The EPIC report provides context to the results of state M-STEP assessment results for 2024 that showed reading scores for third graders have continued a downward trend to hit a 10-year low, going from 40.9% proficiency in 2023 to 39.6%.

“This compared to … 41.6% in 2021-22, and 42.8% the year before,” WDIV reports. “Students didn’t take the M-STEP in the 2019-20 year, but in the school year before the pandemic, 45.1% of third graders were proficient in English Language Arts.”

That data critical to measuring future educational development, as research has found that third graders who lack reading proficiency are four times more likely to become high school dropouts.

Despite the dire situation, Republicans in Lansing argue Whitmer’s policies and budget priorities are only making matters worse. They point to educational changes she approved to water down reading standards and eliminate student progress to evaluate teachers.

There’s also the Whitmer created Michigan Department of Lifelong Education, Advancement, and Potential that state Rep.

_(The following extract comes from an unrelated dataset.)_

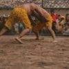 Luego se ve a personas agarrar y tirar cosas en lo más profundo de la hondanada.
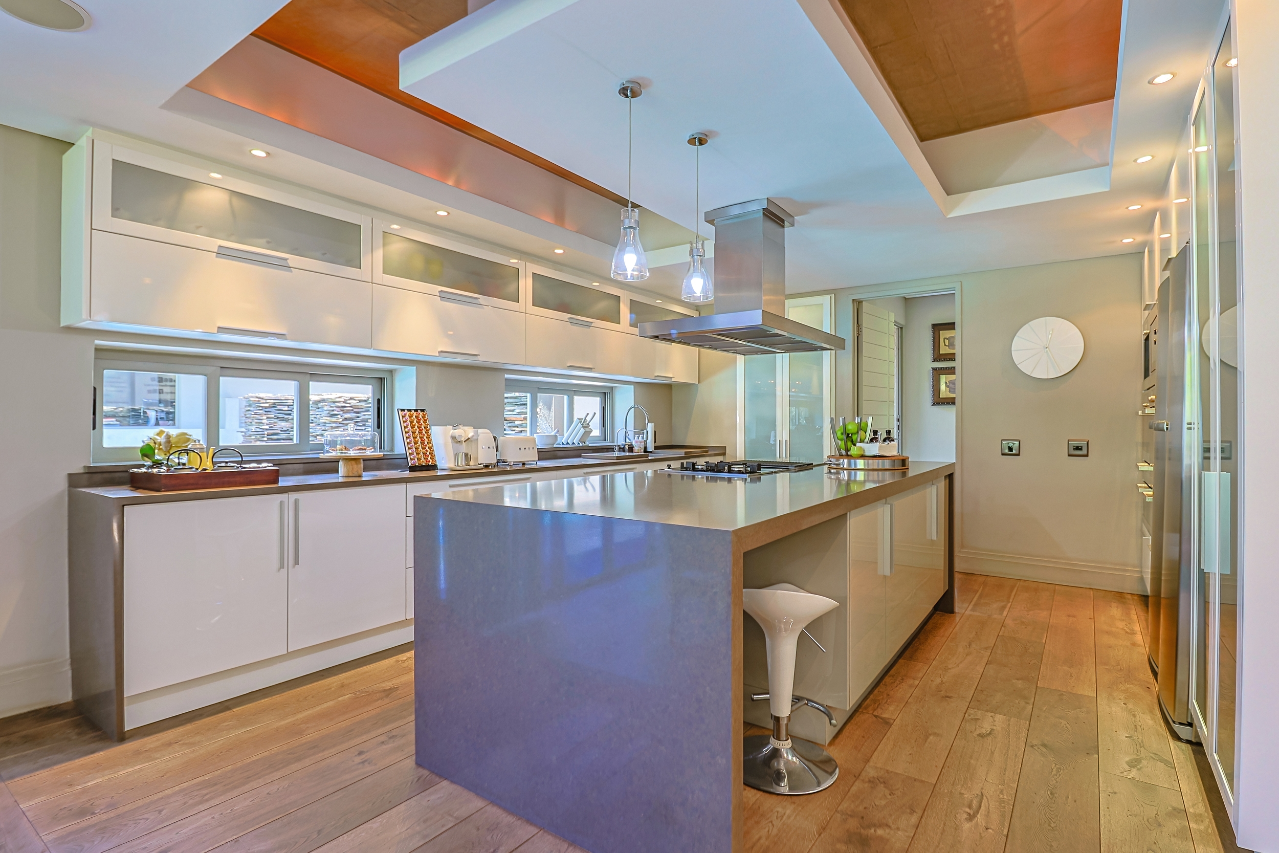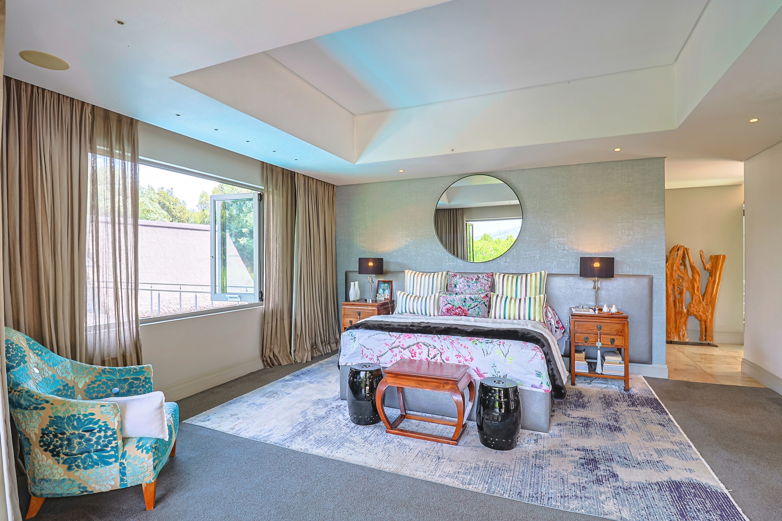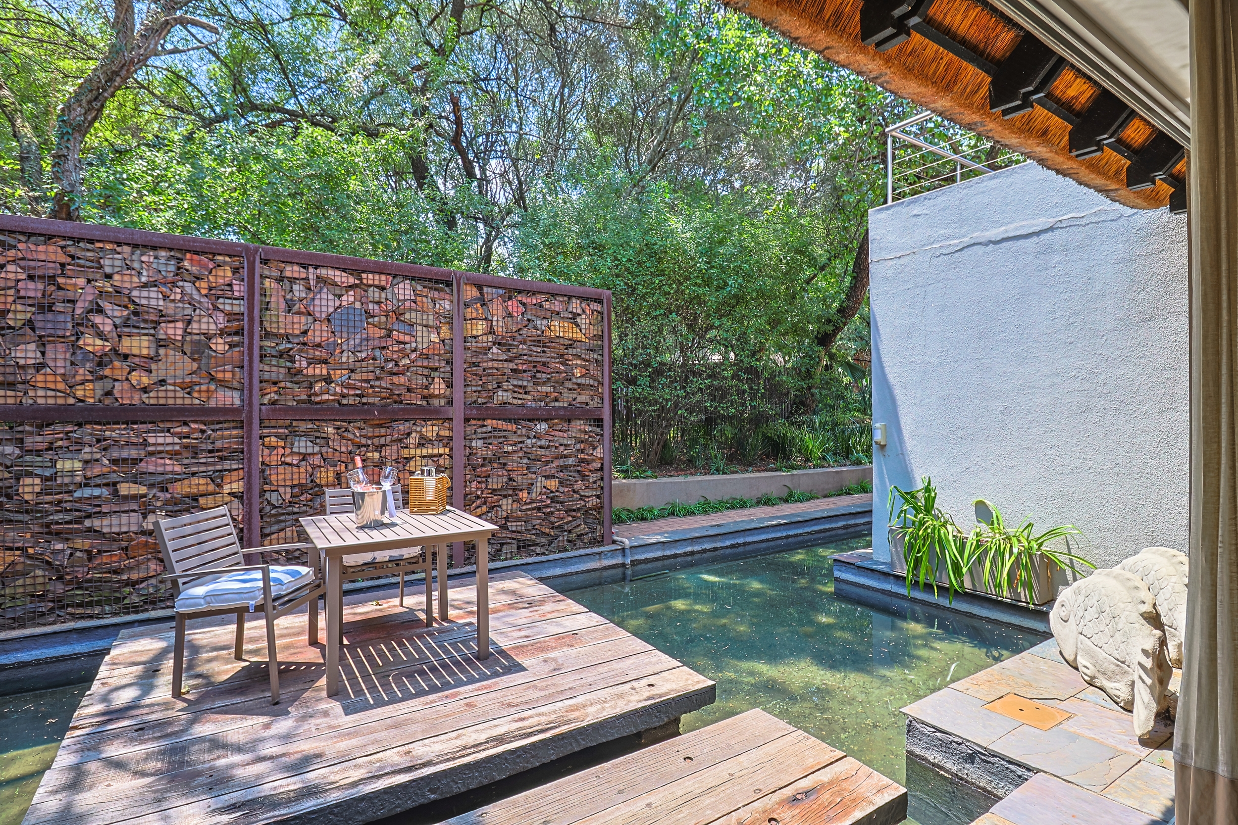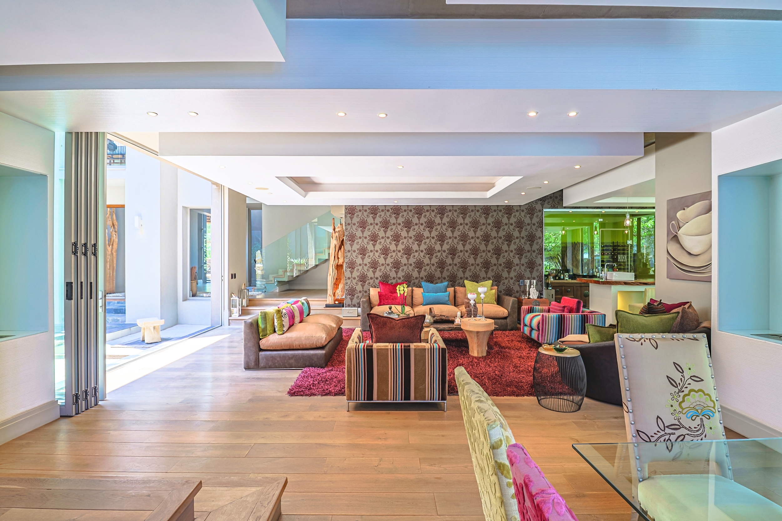 Step through the magnificent triple-volume covered Portico into a grand entrance hall bathed in natural light, where a captivating walkway over water leads to an enchanting open-air Zen garden complete with a tranquil pond and fountain - the first of five exquisite water features that infuse the property with serenity. The interior flows with understated elegance and an Zen-Afro ambience, highlighted by bespoke furniture, tasteful finishes, and effortless indoor-outdoor connectivity. The modern kitchen, equipped with premium Miele appliances, features panoramic windows and folding doors that open directly to the pool, gardens, and outdoor entertainment areas - making it the perfect hub for culinary creativity and effortless entertaining.

Jaime Greene, R-Richmond, told the Washington Examiner is “detracting from funding that the department actually needs.”

Whitmer’s MiLEAP, Greene said, “split the Department of Education” to create the governor’s “own parallel department,” a move that came with an executive FY 2025 budget request to transfer 75% or $414 million of Department of Education funds to MiLEAP, though the final budget spent $138.8 million, according to a conference report.

The declining reading proficiency, chronic student absenteeism, increasing mental health issues, and continued threats to school safety are all reasons Republicans opposed significant education cuts in Michigan’s 2025 budget approved by Democrats this summer.

The budget cut $302 million from school safety and mental health funding, while keeping per-pupil education funding flat for the first time in a decade. Those cuts helped to fund other priorities, including $330 million in pet projects for lawmakers, $1 million in legal aid for “asylum seekers,” electric bike incentives, menstrual products in men’s restrooms, and the governor’s multi-billion dollar climate goals.

Michigan Senate Republican Leader Aric Nesbitt highlighted the bottom line when Michigan’s abysmal third-grade reading scores for 2023-24 were released in late August: “6 in 10 Michigan students being unable to read at their grade level is absolutely UNACCEPTABLE and an indictment of Democrats’ education polices during and since the pandemic,” he posted to X.